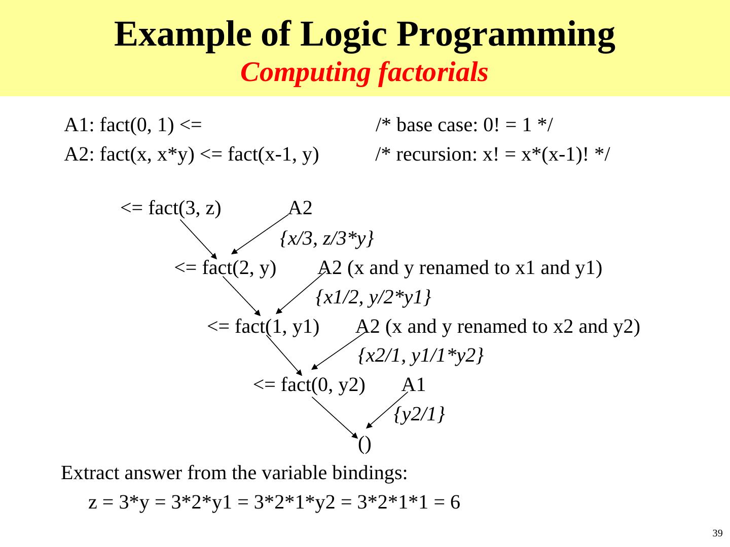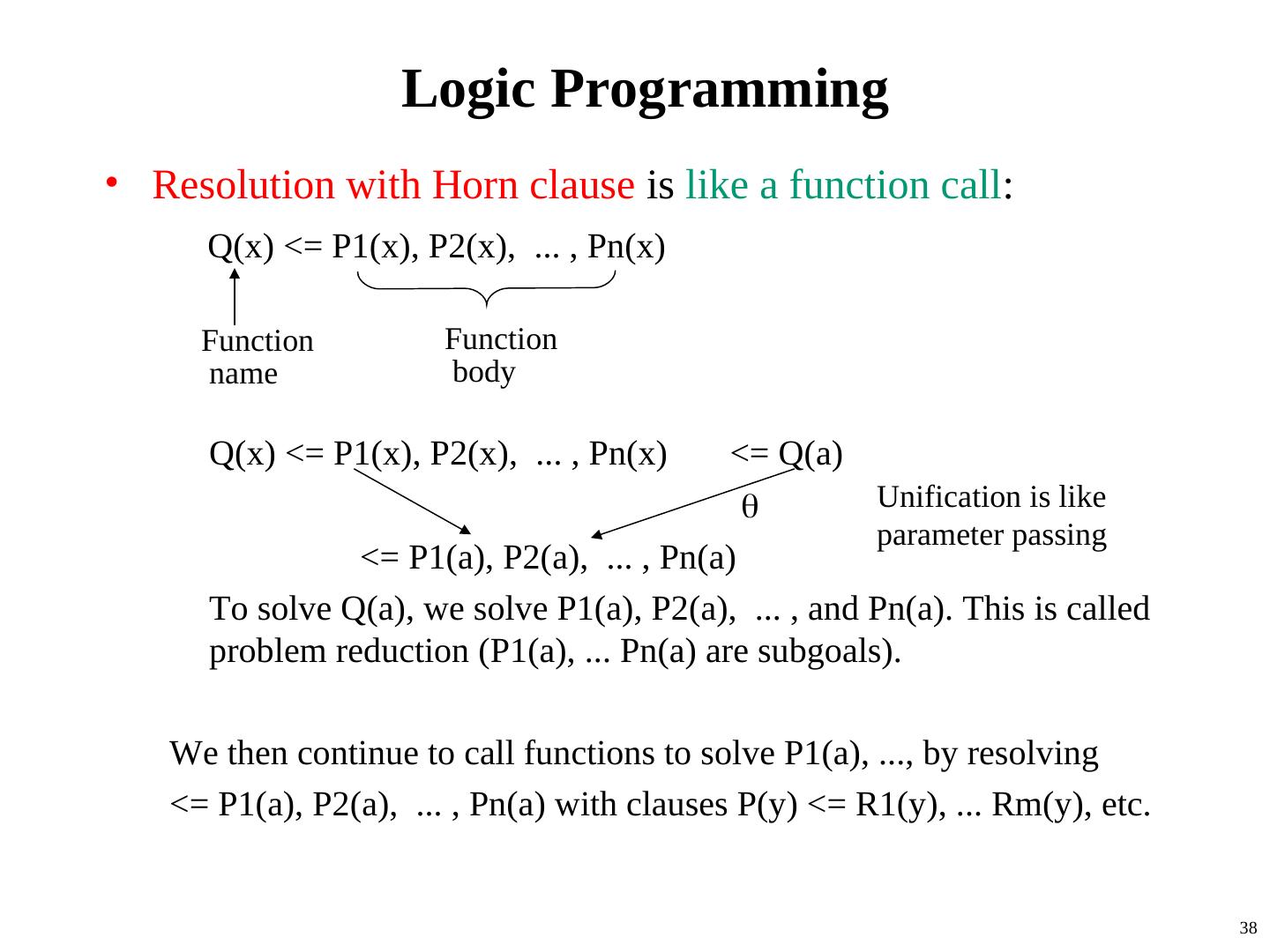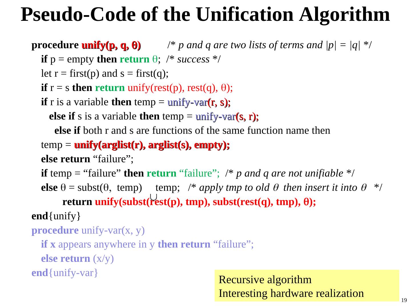 19 .Pseudo-Code of the Unification Algorithm procedure unify(p, q, ) /* p and q are two lists of terms and |p| = |q| */ if p = empty then return ; /* success */ let r = first(p) and s = first(q); if r = s then return unify(rest(p), rest(q), ); if r is a variable then temp = unify-var(r, s); else if s is a variable then temp = unify-var(s, r); else if both r and s are functions of the same function name then temp = unify(arglist(r), arglist(s), empty); else return “failure”; if temp = “failure” then return “failure”; /* p and q are not unifiable */ else = subst(temp) temp; /* apply tmp to old then insert it into */ return unify(subst(rest(p), tmp), subst(rest(q), tmp), ); end{x1/y1, ... xk/yk} where x1, ... xk are variables and unify} procedure unify-var(x, y) if x appears anywhere in y then return “failure”; else return (x/y) end{x1/y1, ... xk/yk} where x1, ... xk are variables and unify-var} Recursive algorithm Interesting hardware realization 19
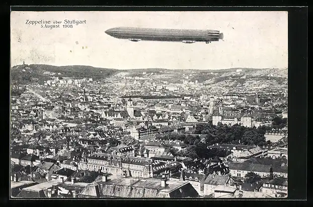 AK Stuttgart, Zeppeline über der Stadt 1908
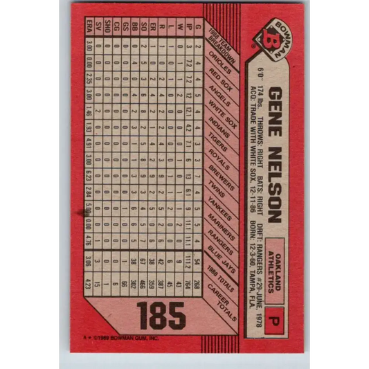 1989 Bowman #185 Gene Nelson NM-MT Oakland Athletics Baseball Card
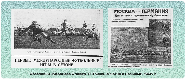 Единственным крупным футбольным событием мая, о котором писали даже в «Правде» и «Известиях», был приезд из Германии футбольной сборной Саксонии. Даже родной для Ильфа-и-Петрова «Гудок» оповестил своих читателей о приезде немцев и подробно рассказал о противостояниях на футбольном поле. Такое масштабное событие в футбольной жизни столицы не могло пройти мимо авторов романа. Ко всему прочему, на первой полосе «Красного Спорта» от 29 мая 1927 года красуется крупный заголовок, любопытно перекликающийся с препарируемой нами цитатой – «Первые международные футбольные игры в сезоне. Москва – Саксония».
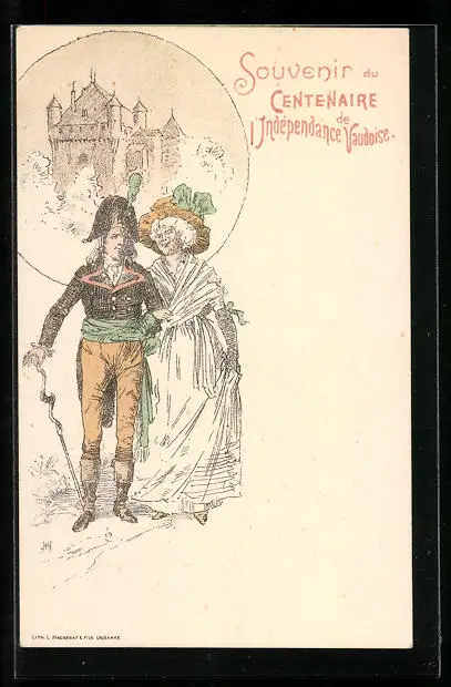 AK Schweiz, De l`Indépendance Vaudoise, Mann in Uniform und Frau im Kleid
--------------------
● Requirement:
Everything from the line above that contains "1989 Bowman #185" down to the line that contains "Единственным крупным футбольным" must be reproduced exactly, both ends included. Omit the pictures.

● Written response:
 1989 Bowman #185 Gene Nelson NM-MT Oakland Athletics Baseball Card
 Единственным крупным футбольным событием мая, о котором писали даже в «Правде» и «Известиях», был приезд из Германии футбольной сборной Саксонии. Даже родной для Ильфа-и-Петрова «Гудок» оповестил своих читателей о приезде немцев и подробно рассказал о противостояниях на футбольном поле. Такое масштабное событие в футбольной жизни столицы не могло пройти мимо авторов романа. Ко всему прочему, на первой полосе «Красного Спорта» от 29 мая 1927 года красуется крупный заголовок, любопытно перекликающийся с препарируемой нами цитатой – «Первые международные футбольные игры в сезоне. Москва – Саксония».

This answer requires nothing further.